47 Fed. Cl. 280, 2000 U.S. Claims LEXIS 152, 2000 WL 1101006
CourtUnited States Court of Federal Claims
DecidedAugust 4, 2000
DocketNo. 97-839C
StatusPublished
Cited by17 cases

This text of 47 Fed. Cl. 280 (J. Cooper & Associates, Inc. v. United States) is published on Counsel Stack Legal Research, covering United States Court of Federal Claims primary law. Counsel Stack provides free access to over 12 million legal documents including statutes, case law, regulations, and constitutions.

Bluebook
J. Cooper & Associates, Inc. v. United States, 47 Fed. Cl. 280, 2000 U.S. Claims LEXIS 152, 2000 WL 1101006 (uscfc 2000).

Opinion

OPINION

HORN, Judge.

FINDINGS OF FACT

In July 1995, the Department of Justice, Immigration and Naturalization Service (INS) took steps to increase its officer corps personnel. In order to recruit the required level of new officers within the time frame specified by the Attorney General, the INS entered into a letter contract on July 25, 1995 with the Small Business Administration (SBA) and the plaintiff, J. Cooper & Associates (JC & A), an SBA Section 8(a) contractor, pursuant to the Small Business Act of 1953, as amended, 15 U.S.C.A. § 637 (West Supp.2000). The contract was for the recruitment of support services. The letter contract contemplated performance of marketing and advertising tasks to increase public awareness of the INS and increase the number of qualified applicants.
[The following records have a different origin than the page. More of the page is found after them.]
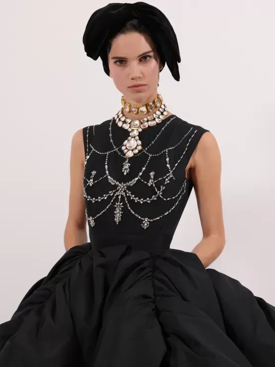 El moodboard de la colección estuvo inspirado por la tranquila belleza de los Jardines Menara en Marrakech, la influencia bohemia de Talitha Getty en los años 60, y la decoración intrincada de los riads palaciegos. Valli aprovechó las técnicas de la alta costura de París para interpretar la riqueza cultural de Marruecos con una precisión inigualable.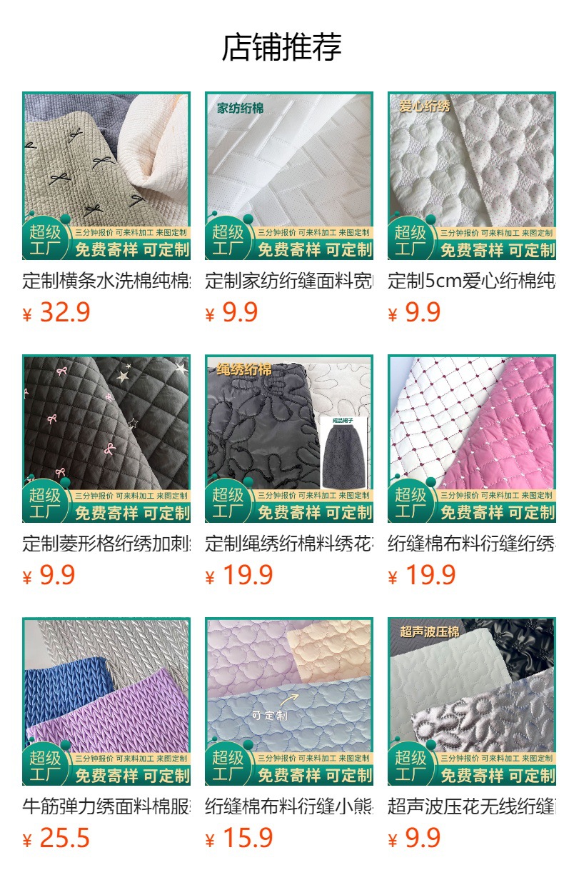 • 定制绳绣绗棉绗缝夹棉包面料衍缝棉布料服装童装家纺布料绗缝加工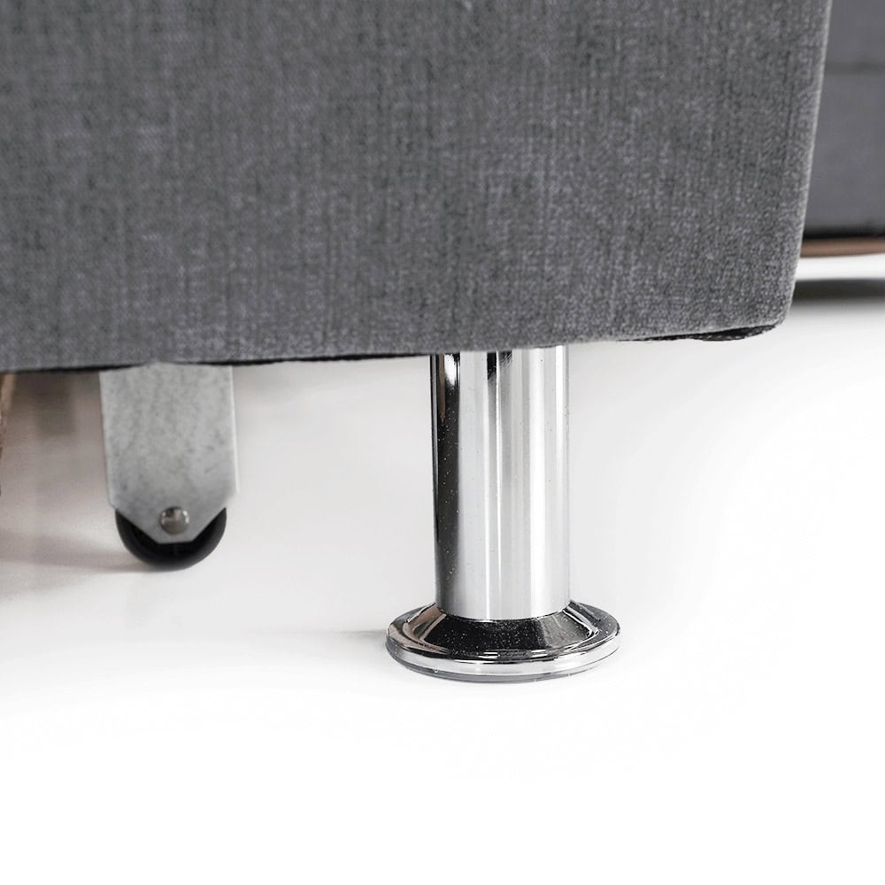 Picioare metalice cu finisaj cromat.
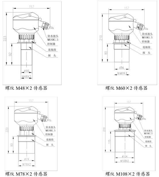 SKCYW系列超聲波液位計(jì) ; SKCYW系列超聲波液位計(jì)是由微處理器控制的數(shù)字液位儀表。在測量中脈沖超聲波由傳感器發(fā)出,聲波經(jīng)液體表面反射后被同一傳感器接收并轉(zhuǎn)換成電信號。超聲波液位計(jì)具有自動功率調(diào)整,溫度補(bǔ)償,抗干擾等功能。由于采用非接觸測量,被測介質(zhì)幾乎不受控制,可廣泛應(yīng)用于水環(huán)境、酸堿、泥漿、食品等多種環(huán)境。 1、測量流量、液位、低表壓、真空和比重 2、兩線制最大量程可達(dá)30m 3、四線制最大量程可達(dá)40m 4、最小分辨率1mm 5、LCD/LED大顯示屏 6、智能信號處理技術(shù) 7、配有高低位雙繼電器(僅四線制) 8、全塑料防腐外殼(防護(hù)等級lP67) 9、換能器結(jié)構(gòu)(小量程物位計(jì)法蘭安裝時(shí),對法蘭接管長度無要求) 10、簡單的按鍵設(shè)定參數(shù)(無需等待容器排空或加滿,無需附加的遙控器) 11、靈活的安裝方式(螺紋/法蘭、固定孔/支架) 螺紋尺寸:M48*2 M60*2 超聲波液位計(jì)技術(shù)參數(shù)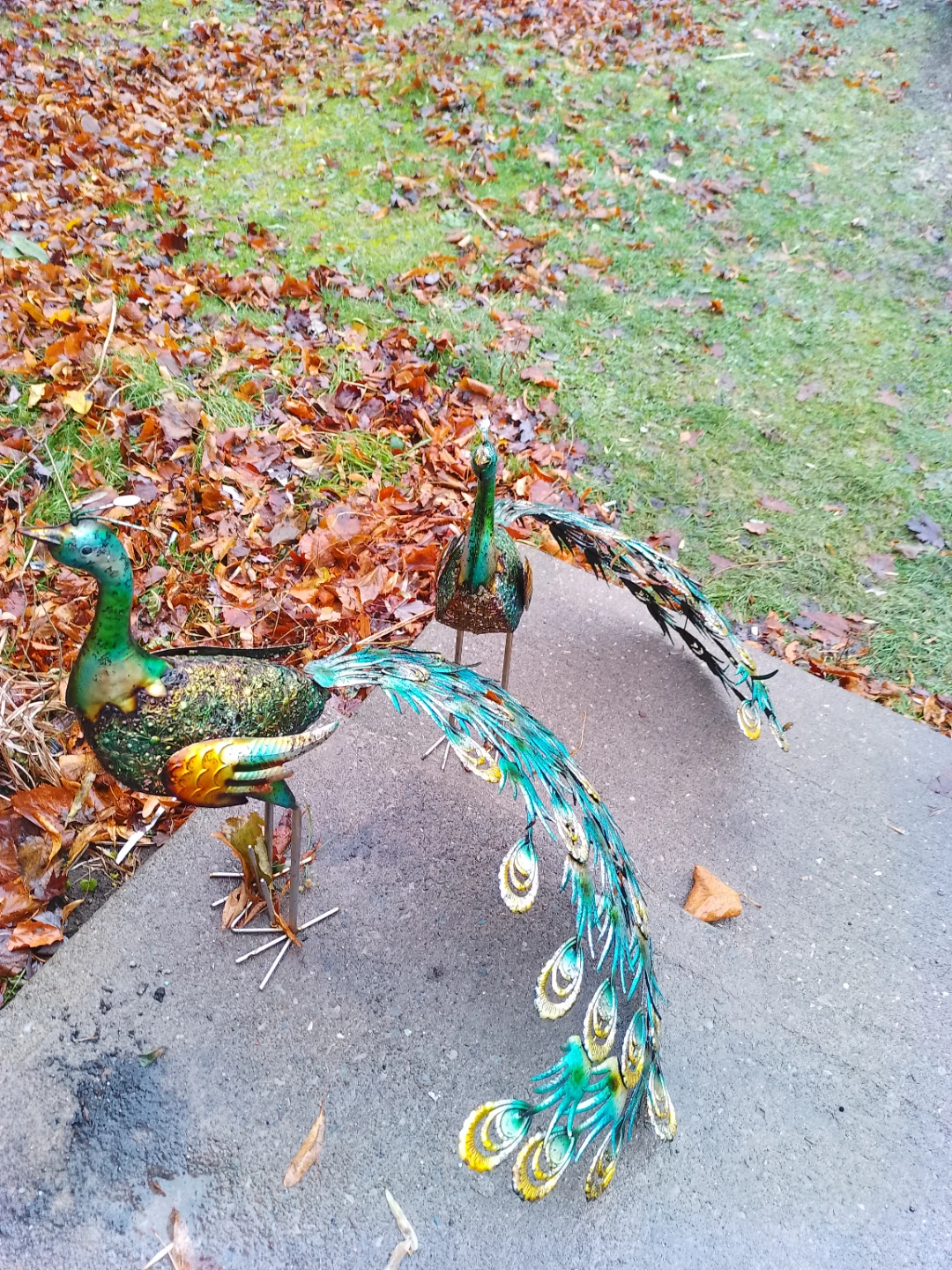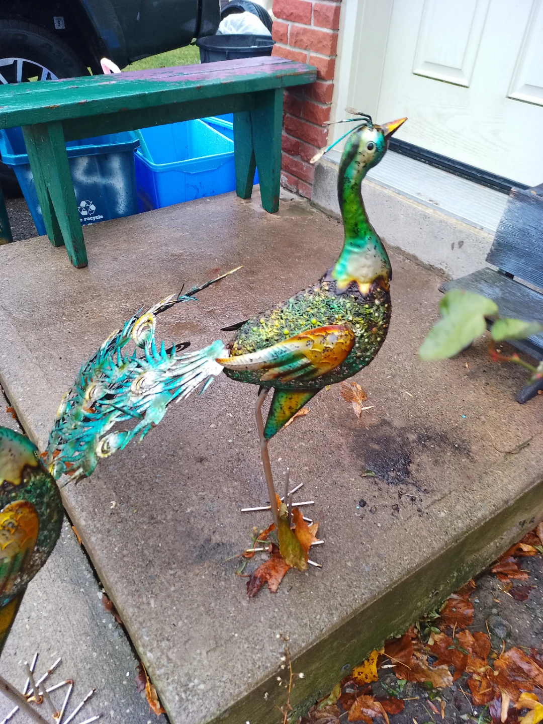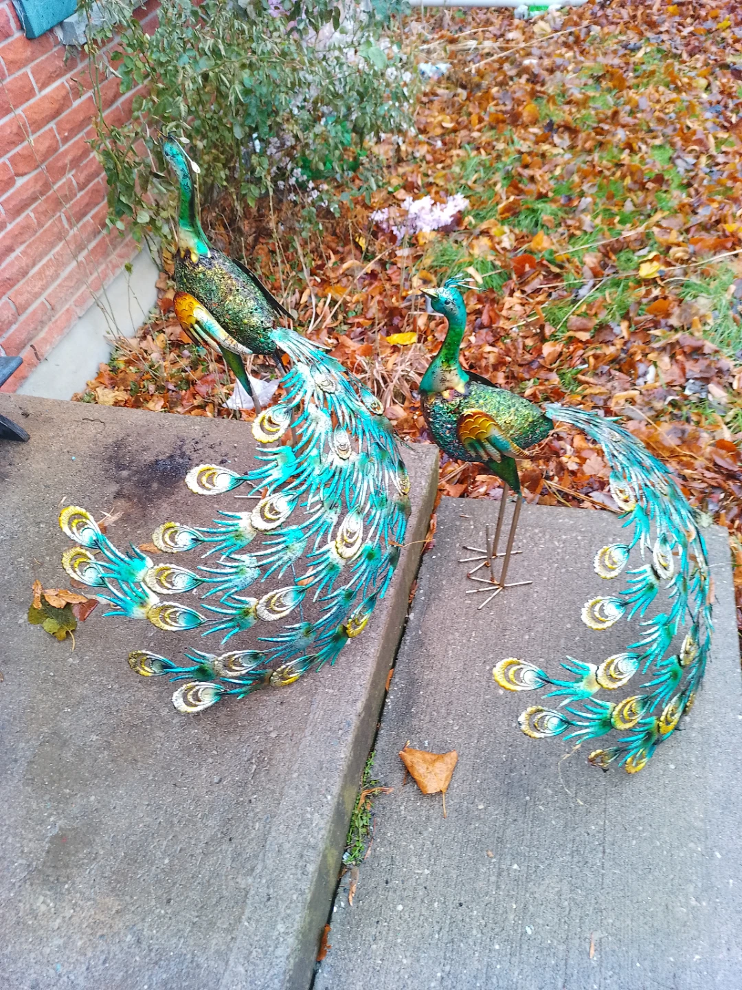 These vibrant metal peacock garden decorations are sure to add a pop of colour to your outdoor space! They're in great condition and ready to brighten up your garden or patio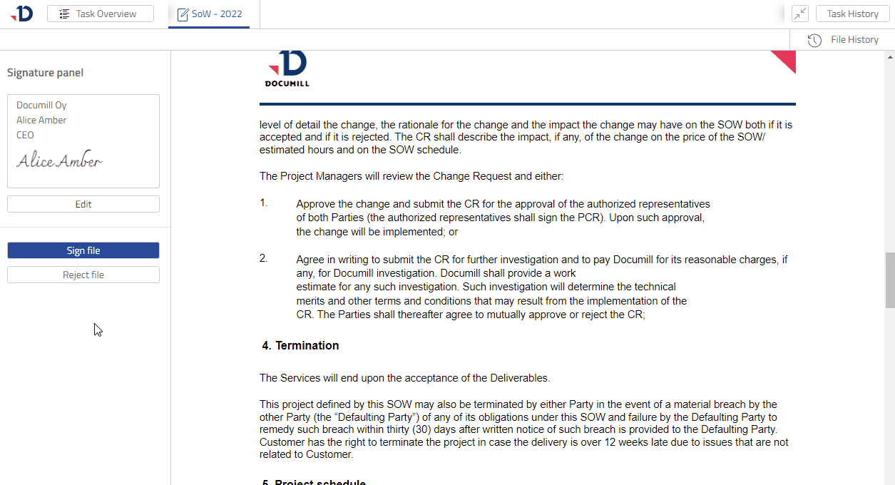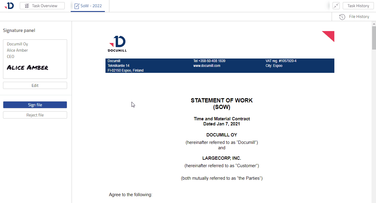 In this tutorial, you will learn how to open a Signer Task that was prepared in Create your first project tutorial. As a Signer, you are expected to review a file and decide whether to sign the file or reject it.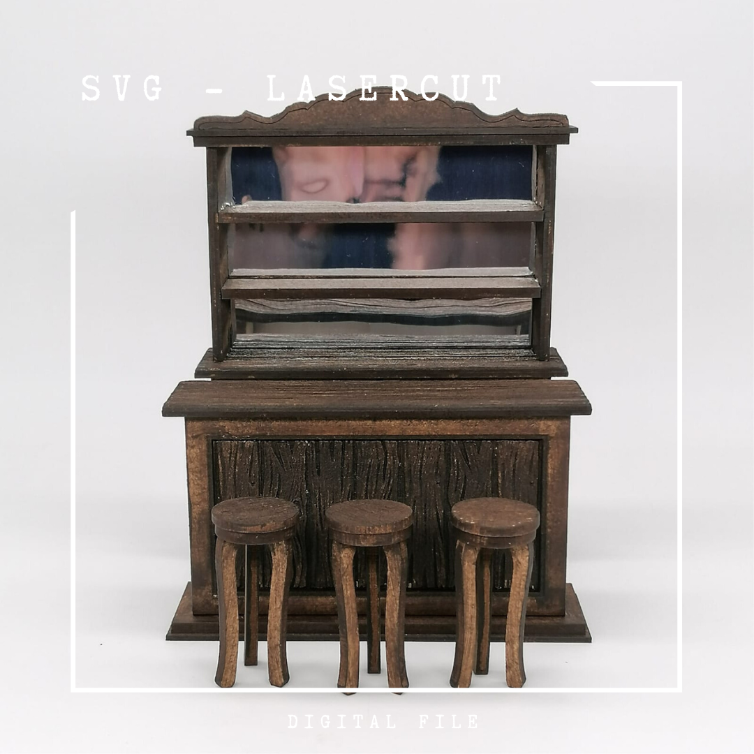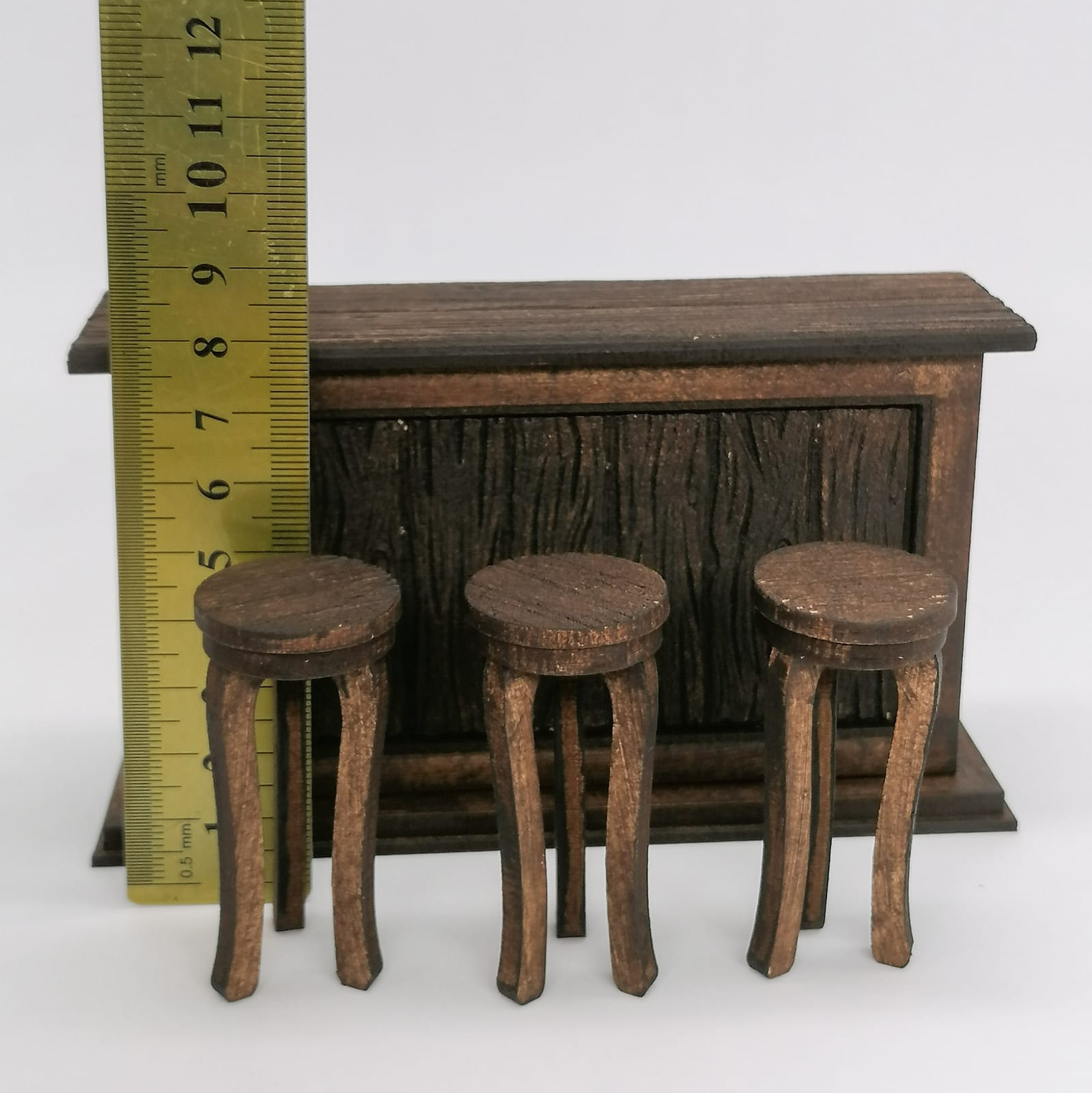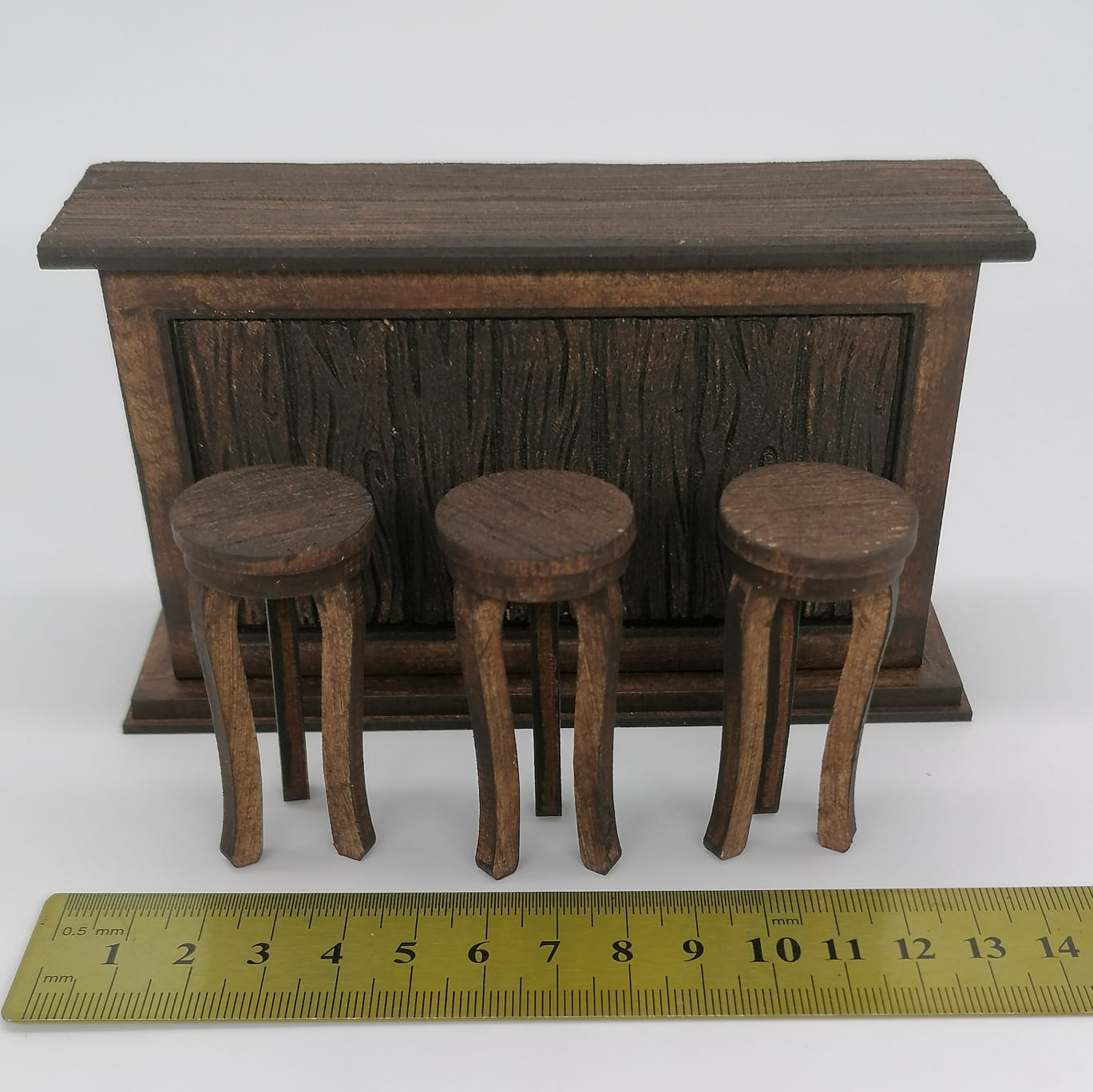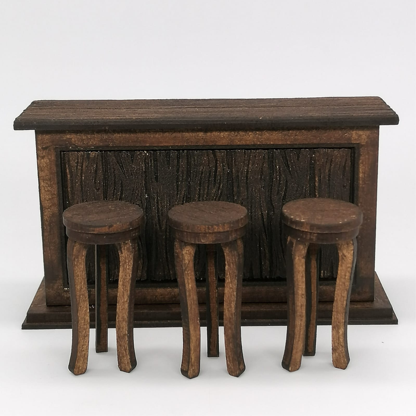 Bar con mostrador y tres taburetes, así que kit para su Book Nook, Roombox Diorama o Dollhouse

Because of the identified urgency of the requirements of the INS, the plaintiff was allowed to begin work immediately under the letter contract. The contract contemplated an indefinite delivery and indefinite quantity contract to be definitized in the future, but not later than October 16, 1995, with the maximum amount authorized for the letter contract to be $250,000.00. On September 30, 1995, the INS executed Modification P000001 to the letter contract, extending the schedule for definitizing the contract and increasing the limitation of government liability to $500,000.00. Upon execution of the letter contract, the SBA informed INS that it had authority to negotiate the definitization of the contract directly with JC & A rather than through the SBA.

The INS issued oral task orders to JC & A throughout July, August, and early September, 1995. JC & A sent the INS invoices for work performed on the project on August 3, September 11, October 5, and November 13, 1995. On August 8,1995, the INS requested the assistance of the Defense Contract Audit Agency (DCAA) to audit plaintiffs proposed [282]*282loaded direct labor rates, indirect rates, and the escalation factor applied to the option year. The INS also requested and received audit assistance on the plaintiffs second, third, and fourth payment requests. On October 20, 1995, the plaintiff was paid an amount which appeared to cover its first invoice. After receiving the audit reports from DCAA, the INS found only portions of the invoices substantiated, and partially paid the plaintiff the remainder due on the invoices.

In a letter dated December 7, 1995, the plaintiff was notified by the INS that plaintiffs accounting system was considered inadequate in certain respects. By letter dated January 22,1996, the INS expressed continuing concerns regarding the sufficiency of plaintiffs invoices and also was trying to set up a meeting to discuss contract performance issues. The DCAA also was asked to audit plaintiffs proposals for definitization dated July 31, October 1, and November 6, 1995.

In a letter dated February 7, 1996, the DCAA indicated to the INS that they had discontinued the audit on JC & A’s proposals, until the contractor supplied adequate cost and pricing data. Later that month, INS officials informed the SBA of the plaintiffs alleged poor performance on the contract. In a letter dated May 16, 1996, the INS informed the SBA that it would not definitize the contract, that the contract would be permitted to lapse, and that JC & A should “prepare a proposal for costs incurred in the performance of the contract.” Thus, the INS and JC & A had operated under an undefinitized contract for the entirety of their business relationship.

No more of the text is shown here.